Open datasets make it easier for parties to collaborate on a project, by reducing the barriers associated with data sharing. More collaboration generally leads to faster progress.
Practitioners can combine open datasets together, or combine open datasets with private datasets that they have access to. Combining multiple datasets can reveal trends and insights that are not visible in a single dataset, as discussed earlier. This enables deeper analysis and better-quality models to be produced.

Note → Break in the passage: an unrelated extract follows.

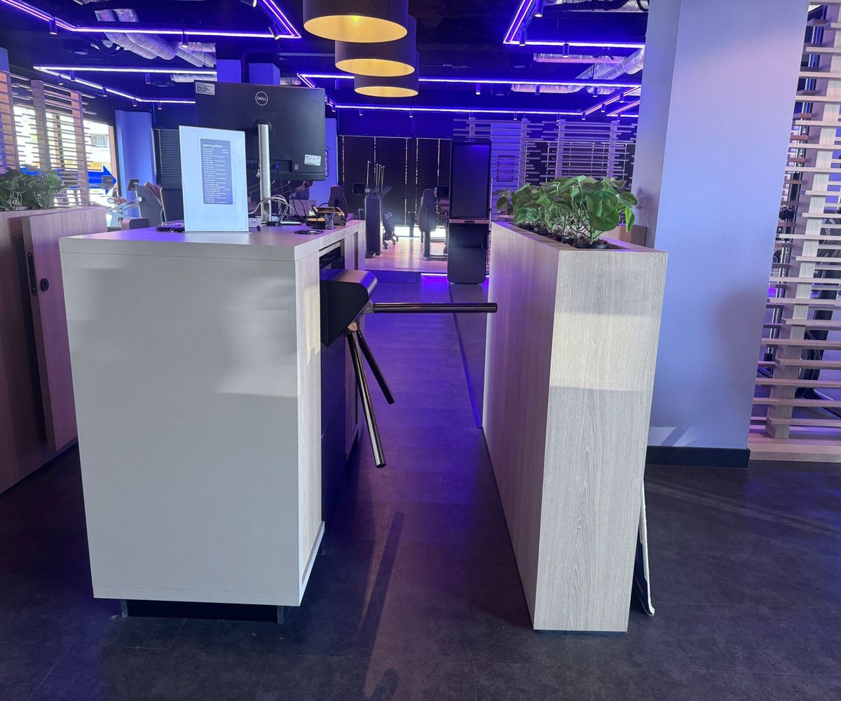 De bestaande tourniquet is vervangen door een Full-Size tourniquet uit de Design Series. We hebben de NFC lezer ingebouwd en voor de uitgang drukken de leden eerst op de rode knop. Dit laatste om te voorkomen dat leden zich toegang kunnen verlenen door aan kant van de ingang de arm van de tourniquet naar zich toe te trekken. De monitor op de balie geeft informatie aan de leden zodra ze hun Tag bij de lezer houden. De open ruimte wordt nog opgevuld met een plantenbak.

The more organizations that make their data openly available, the more likely it is for others to follow. The more datasets that become available, the greater the value.
The approach also comes with a number of risks:
Sensitive information about individuals may inadvertently be disclosed, especially if multiple datasets are combined. This risk can be mitigated and reduced to a ‘safe’ level by following best practices for data de-identification and aggregation, as discussed above.
Data can be unintentionally misinterpreted, which can result in poor decisions being made.
Data can be used for unethical purposes.
The second and third risks are hard to mitigate if the data is made completely open to everyone (e.g. via an open platform such as Humanitarian Data Exchange), as there is no practical way of keeping track of everyone that has accessed the data and what they are using it for. An alternative to the completely open approach is instead to define a set of due diligence criteria that data users must meet; for example, requiring that they are affiliated with a reputable organization or that they have previously performed relevant research. The data are then provided only to the parties that meet these criteria, which reduces the risk that the data will be used inappropriately. However, this approach requires some work to review each application and to provision data access to approved applicants. It also raises the question of who becomes accountable in the event that data is misused or that an unapproved party gains access to the data.
Why is this important to us?
Our mission at D-tree is to strengthen health systems and make high-quality health services available to everyone. We do this very directly, through the implementation of community health programs. But we also know that the information contained in the data that we collect, as part of these programs, can be used to inform the improvement of our programs, and is also valuable to many practitioners in our field. We are therefore thinking about the best approach for making our data available to as many public health practitioners as possible, in order to ensure that the value of our data translates into better health outcomes for as many people as possible.